Using add_count() for “sex” variable
penguins_new %>%
dplyr::add_count(sex)
## # A tibble: 344 × 6
## species island body_mass_g sex year n
## <fct> <fct> <int> <fct> <int> <int>
## 1 Adelie Torgersen 3750 male 2007 168
## 2 Adelie Torgersen 3800 female 2007 165
## 3 Adelie Torgersen 3250 female 2007 165
## 4 Adelie Torgersen NA <NA> 2007 11
## 5 Adelie Torgersen 3450 female 2007 165
## 6 Adelie Torgersen 3650 male 2007 168
## 7 Adelie Torgersen 3625 female 2007 165
## 8 Adelie Torgersen 4675 male 2007 168
## 9 Adelie Torgersen 3475 <NA> 2007 11
## 10 Adelie Torgersen 4250 <NA> 2007 11
## # … with 334 more rows
Same argument, but naming the new column to reflect the variable that the group-wise count column corresponds with:
penguins_new %>%
dplyr::add_count(sex, name = "n_sex")
## # A tibble: 344 × 6
## species island body_mass_g sex year n_sex
## <fct> <fct> <int> <fct> <int> <int>
## 1 Adelie Torgersen 3750 male 2007 168
## 2 Adelie Torgersen 3800 female 2007 165
## 3 Adelie Torgersen 3250 female 2007 165
## 4 Adelie Torgersen NA <NA> 2007 11
## 5 Adelie Torgersen 3450 female 2007 165
## 6 Adelie Torgersen 3650 male 2007 168
## 7 Adelie Torgersen 3625 female 2007 165
## 8 Adelie Torgersen 4675 male 2007 168
## 9 Adelie Torgersen 3475 <NA> 2007 11
## 10 Adelie Torgersen 4250 <NA> 2007 11
## # … with 334 more rows
Comparison to the count( ) function:
penguins_new %>%
dplyr::count(sex)
## # A tibble: 3 × 2
## sex n
## <fct> <int>
## 1 female 165
## 2 male 168
## 3 <NA> 11
Number of rows using the add_count( ) function: 344
Number of rows using the count( ) function: 95
We can see for the first observation in row one, the penguin being observed is male. Using add_count( ), the “n_sex” column lists the value 168 as the group-wise count for male penguins. Looking at the count( ) function, we see that there are 168 male penguins total in the data set.

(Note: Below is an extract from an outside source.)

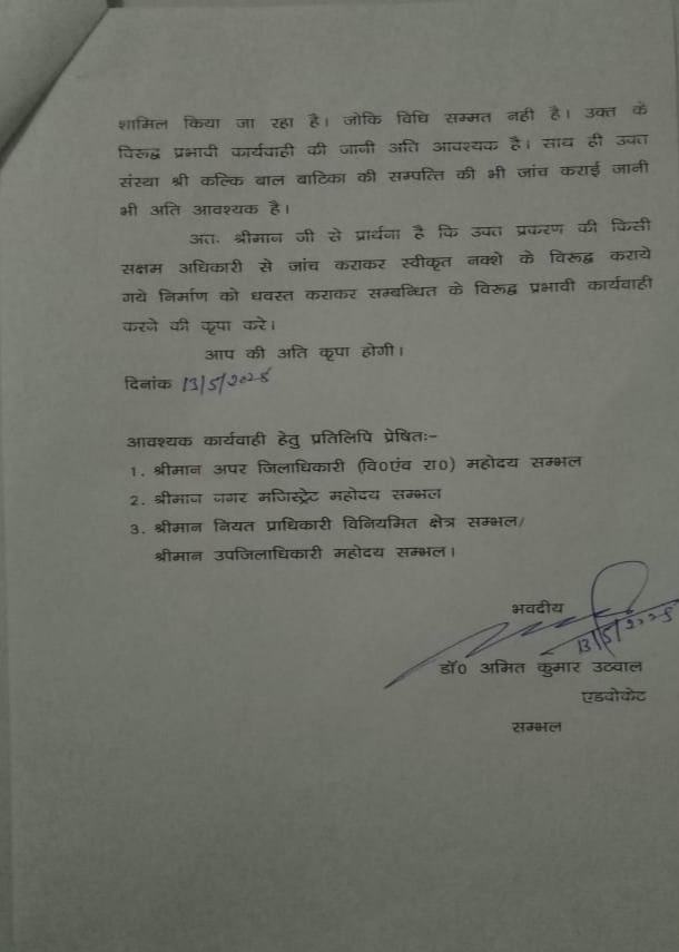 कल्कि बाल वाटिका जिसका कल्कि विष्णु मंदिर सम्भल से कोई वास्ता नहीं है विगत लगभग 3 वर्षों से धर्मशाला आदि का निर्माण कर रही है उक्त निर्माण विधि विरुद्ध तरीके से लगभग 8 फीट खनन करके बहुमंजिला इमारत का निर्माण किया जा रहा है,उक्त निर्माण स्वीकृत नक्शे के विपरीत किया जा रहा है, उक्त निर्माण में ना तो सेटबैक छोड़ा जा रहा है और ना ही रोड बाइंडिंग छोड़ी

This function is useful for certain projects, such as a project where it is useful to be able to quickly see how many group-wise counts there are for a certain variable while preserving the number of rows in the original data set. It is also helpful as a shortcut to the mutate( ) & group_by ( ) function.